Data segment:
*** Block opens ***
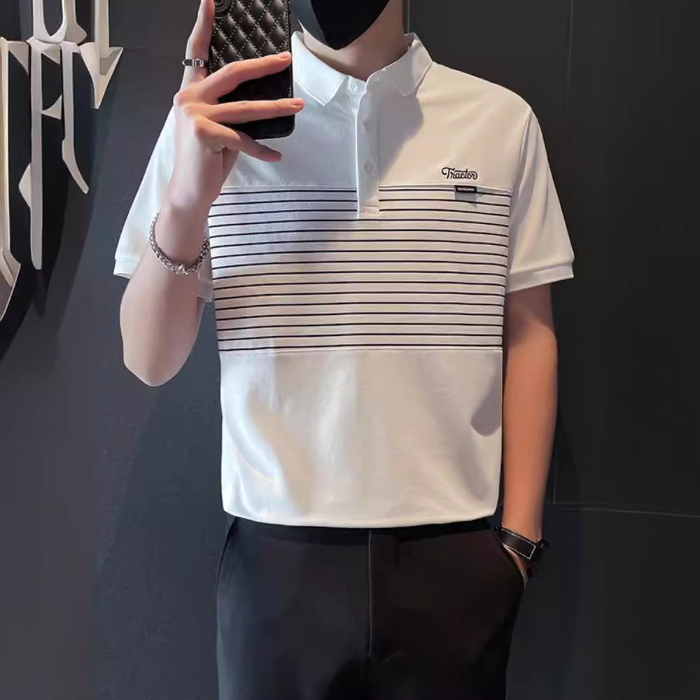 短袖男款polo衫潮牌夏季新款条纹拼接翻领t恤帅气百搭半截袖夏装
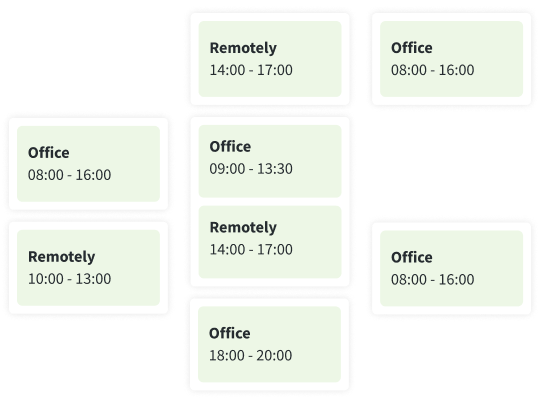 Manage your entire team’s work schedule in one place. Plan shifts, track real-time attendance, and see who’s on vacation or sick leave with the integrated absence calendar. Get a single, clear view of your team’s availability.
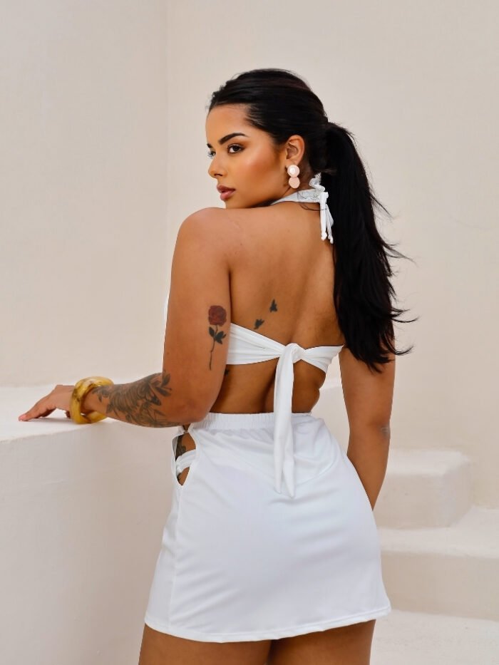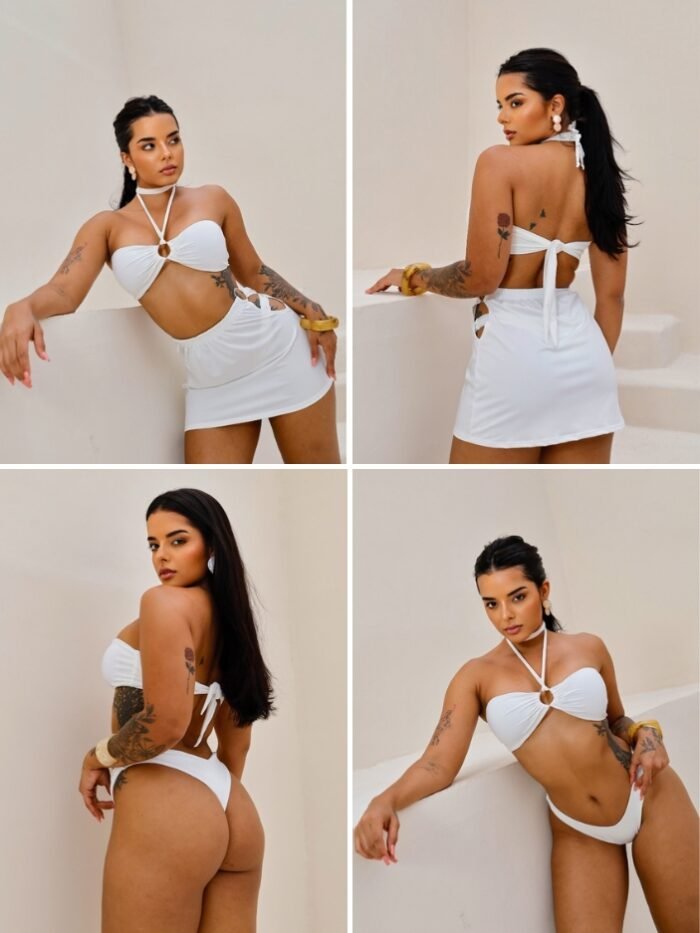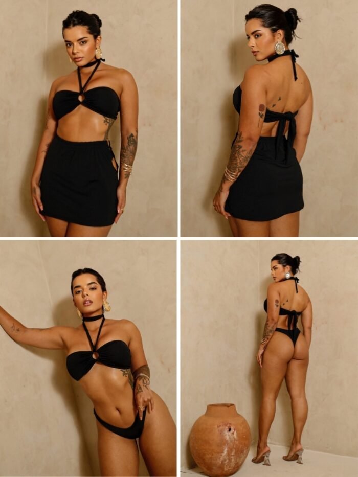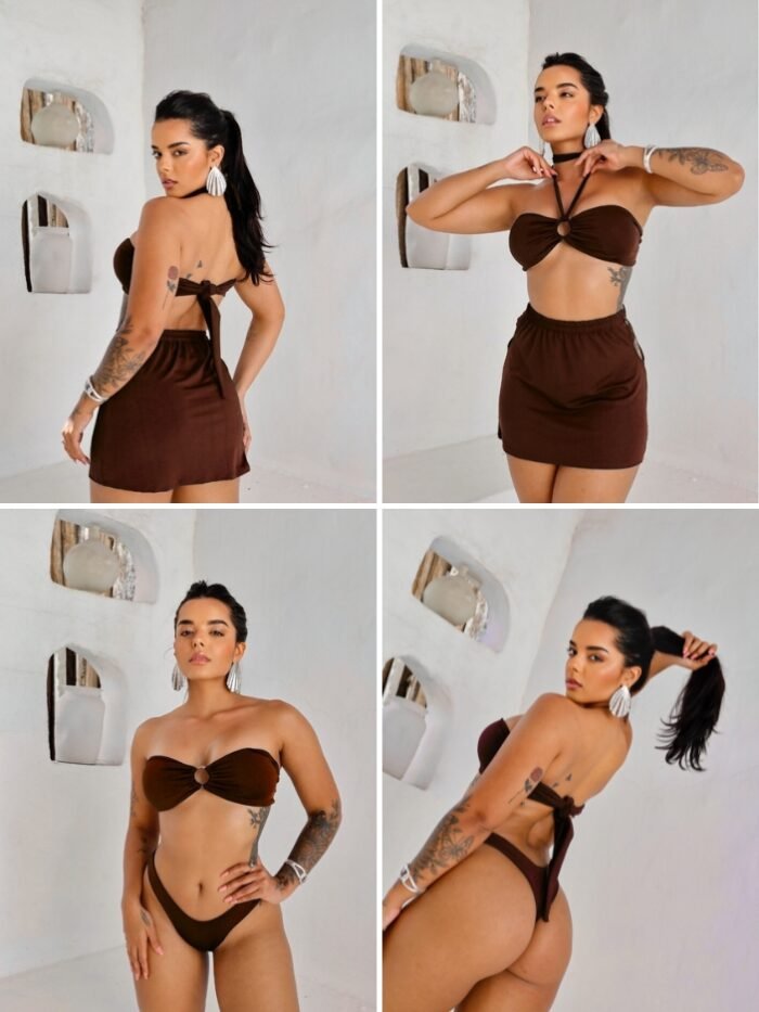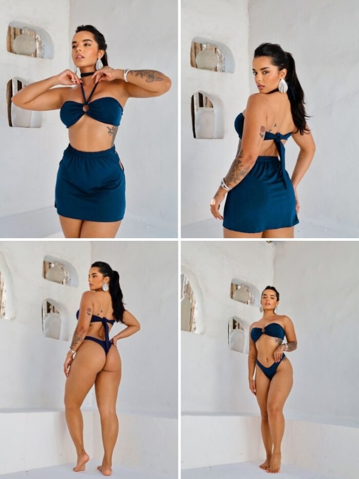 O Conjunto Cecília é a escolha perfeita para quem busca estilo, sensualidade e praticidade em um só look. Composto por 3 peças irresistíveis, ele entrega o visual completo para curtir o melhor da praia com elegância e liberdade.
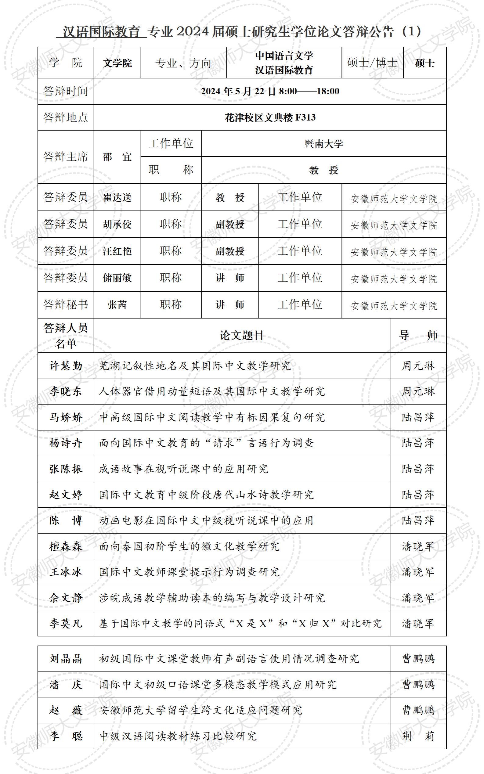 汉语国际教育 专业2024届硕士研究生学位论文答辩公告(1)
*** Block closes ***
What is being asked: Please leave the images out and retype the rest of the material exactly.

Result:
 短袖男款polo衫潮牌夏季新款条纹拼接翻领t恤帅气百搭半截袖夏装
 Manage your entire team’s work schedule in one place. Plan shifts, track real-time attendance, and see who’s on vacation or sick leave with the integrated absence calendar. Get a single, clear view of your team’s availability.
 O Conjunto Cecília é a escolha perfeita para quem busca estilo, sensualidade e praticidade em um só look. Composto por 3 peças irresistíveis, ele entrega o visual completo para curtir o melhor da praia com elegância e liberdade.
 汉语国际教育 专业2024届硕士研究生学位论文答辩公告(1)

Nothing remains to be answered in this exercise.